O diferencial, apontado por Sperber (1982) acerca do emprego das conjunções coordenativas aditivas e adversativas, está na posição onde a conjunção se encontra na frase e sua frequência em tal posição. Ambos os contos (A hora e a vez de Augusto Matraga e O burrinho pedrês), segundo a autora, mostraram o emprego de conjunções coordenativas aditivas e adversativas no início de períodos, elemento de escrita que não pode ser ignorado quando a intenção é radiografar os traços estilísticos significativos do autor.

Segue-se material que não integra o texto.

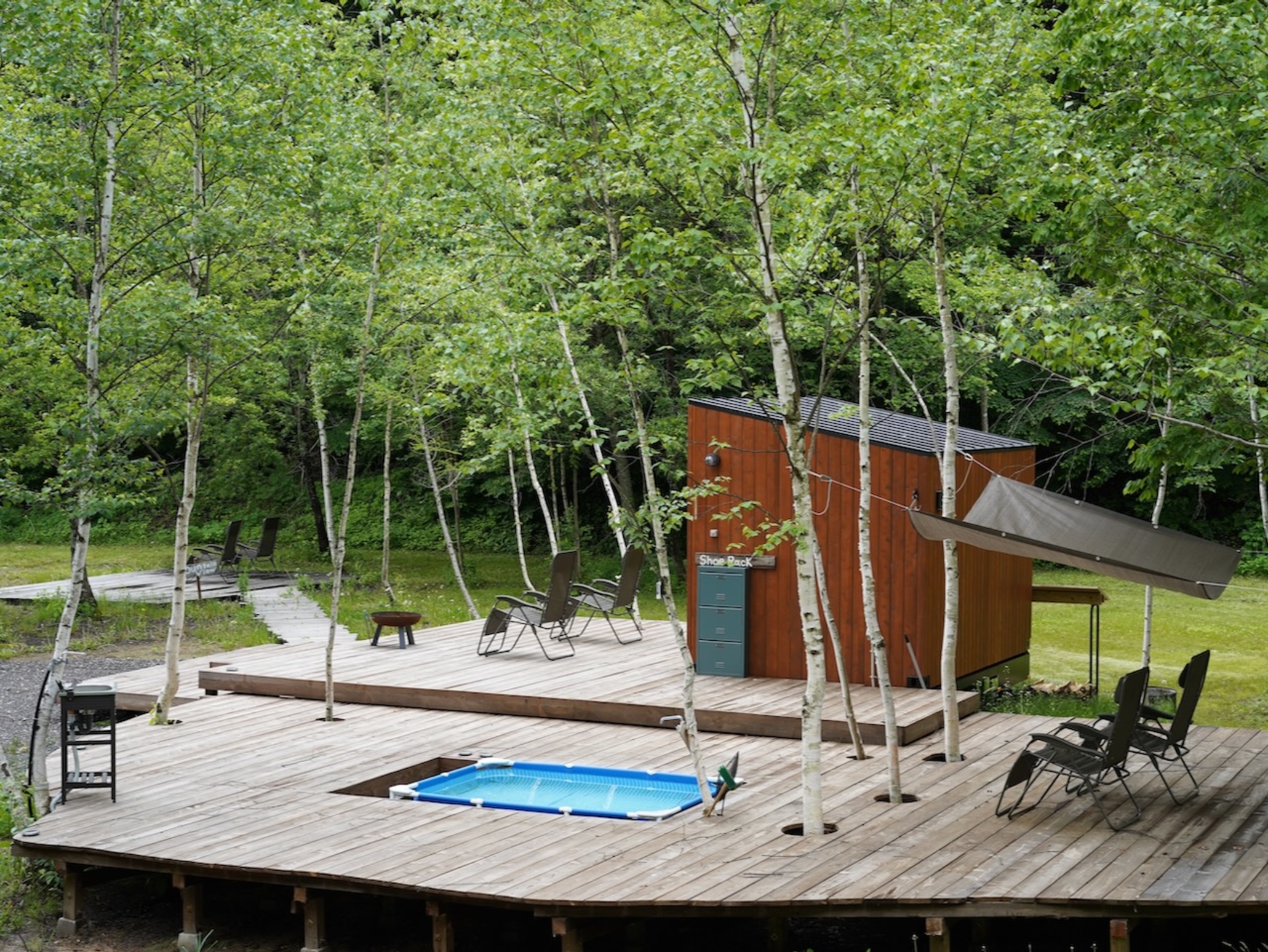 「スタイルキャビン」は冬期にski in ski outができ、夏は焚き火を楽しめる秘密基地的コンテナハウス。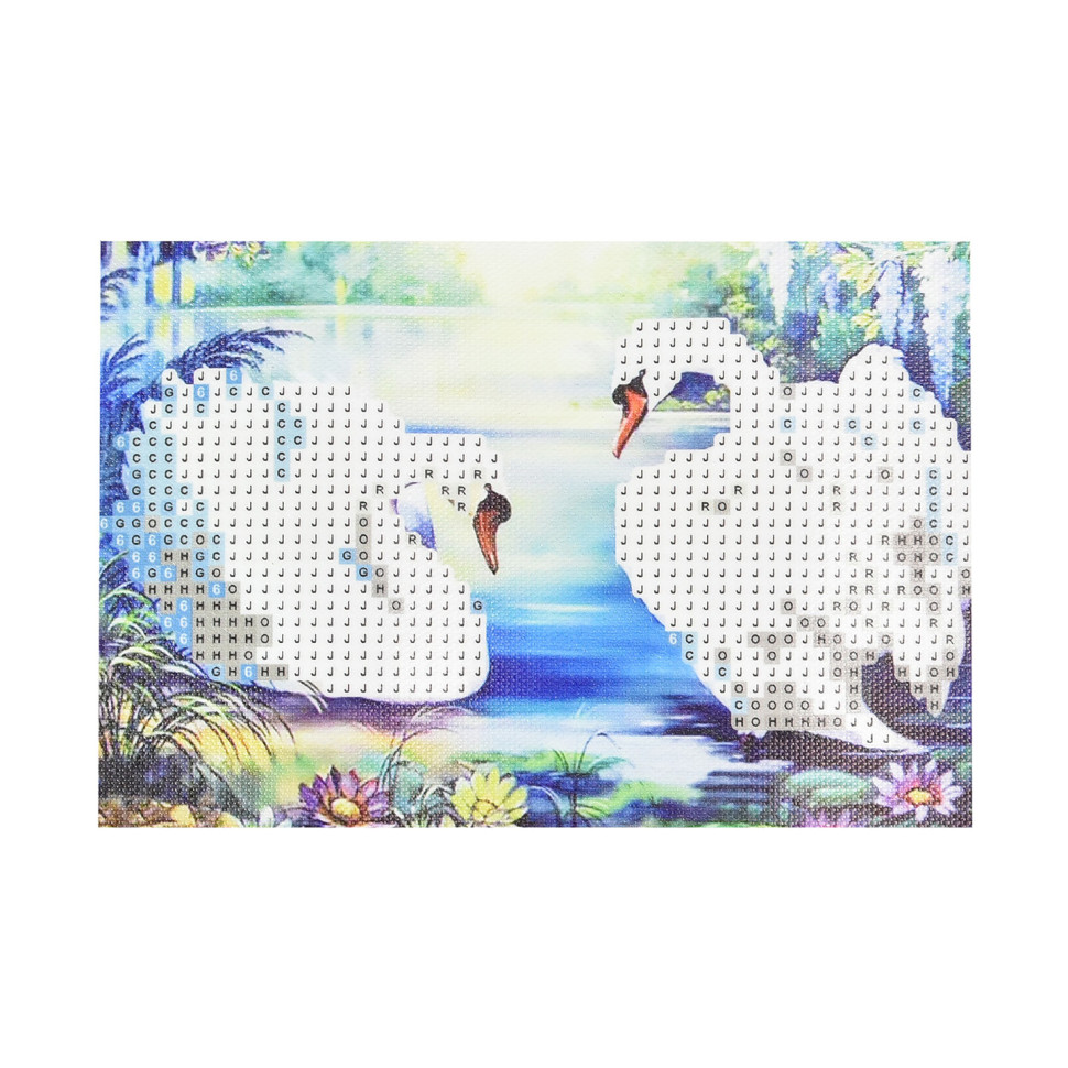 Алмазна мозаїка Strateg ПРЕМІУМ Лебеді на воді без підрамника розміром 10х15 см (YAB24667)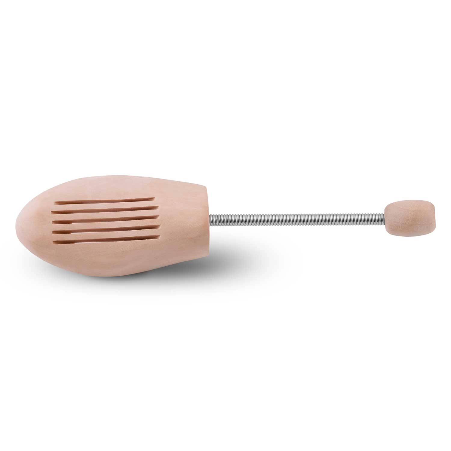 Dzięki uniwersalnej konstrukcji sprężynowej prawidła łatwo dopasowują się do długości i szerokości butów w rozmiarze 44/45. Są idealne do skórzanych półbutów, mokasynów i derby, pomagając utrzymać pierwotny kształt czubka i podbicia. Każdy egzemplarz jest unikalny dzięki naturalnemu usłojeniu drewna, dlatego wygląd może się nieznacznie różnić.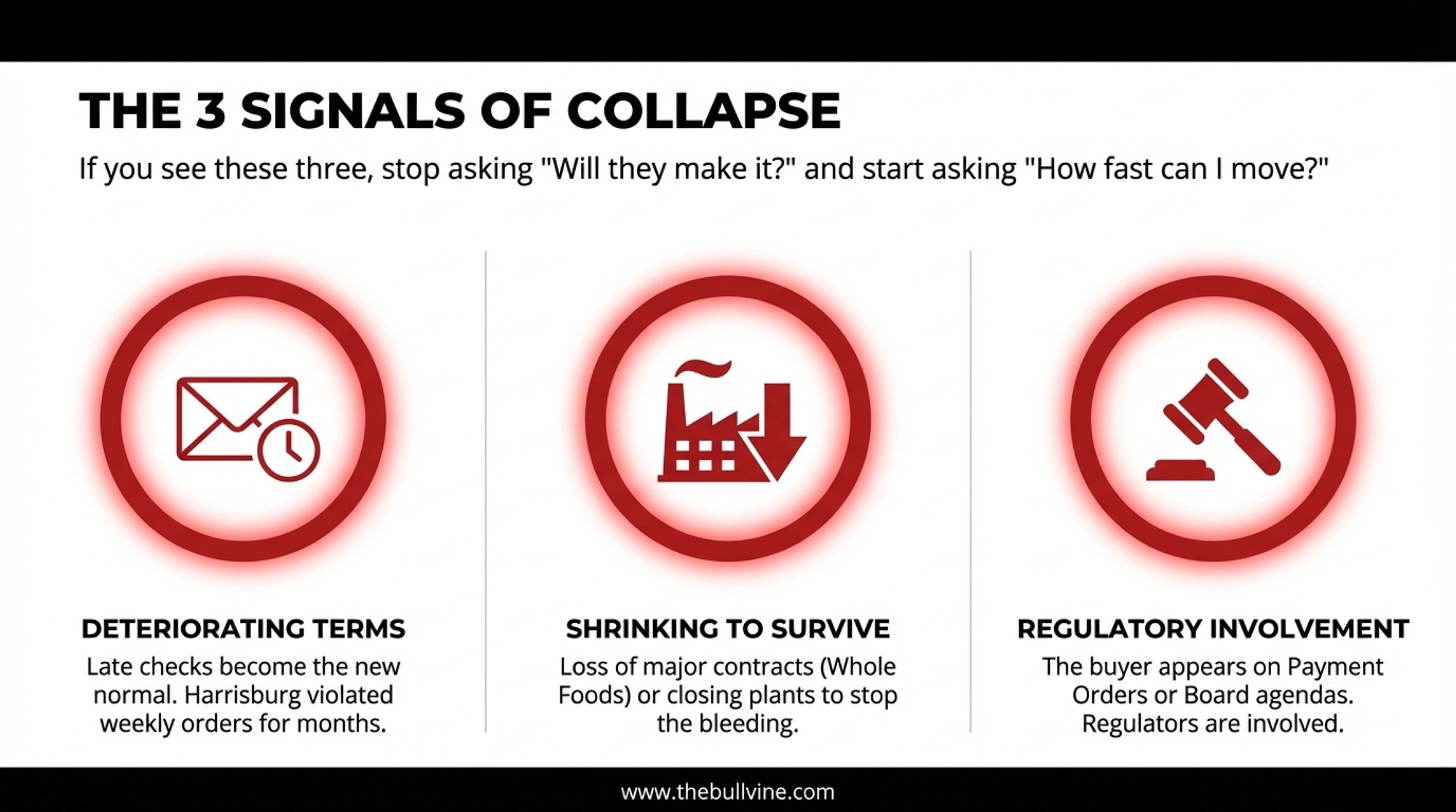 - Regulators become characters in the story. Payment orders, missed pool payments, PMB hearings, and special oversight. Borden needed court permission to pay the December 2019 milk bills. When your buyer’s name starts appearing regularly on regulatory hearing agendas, treat it as a serious risk signal — not a guarantee of failure, but a pattern that preceded every processor collapse examined here.

No terceiro capítulo de Signo e sentimento, Sperber analisa Corpo de baile, ainda sob o viés da articulação entre signos e sintagmas, e dá atenção especial a Campo geral tratando da conjunção coordenativa mas. Ela percebe, igualmente, maior incidência da conjunção no início de frases:

O ‘mas’ revela-se restritivo. Esta restrição pretende coordenar sintagmas que em princípio dispensavam esta articulação. Ora, a articulação forçada quer explicar o que não se explica. Deste modo, buscamos, nós, leitores, compreender o sintagma anterior através do seguinte. Consequentemente, o sentido do sintagma anterior, em si completo, é minimizado, é limitado pela restrição da conjunção coordenativa adverbial inicial (SPERBER, 1982, p. 72).

Sobre a comparação entre o esboço e a finalização de Grande sertão: veredas, Sperber informa que Guimarães Rosa renova a linguagem pelo uso que faz de um léxico arcaico (do sul da Bahia e norte de Minas), criando neologismos que, segundo a autora, parece ser uma prática do próprio povo dessa região (SPERBER, 1982, p. 72). Por fim, questiona: “Qual o sentido da evolução estilística e narratívica de Guimarães Rosa?” (SPERBER, 1982, p. 93). Essa é justamente a questão que retomaremos ao longo dessa pesquisa, pois, se existe uma evolução na escrita, é preciso determinar quais elementos fazem parte desse processo e de que forma ela transparece no material linguístico.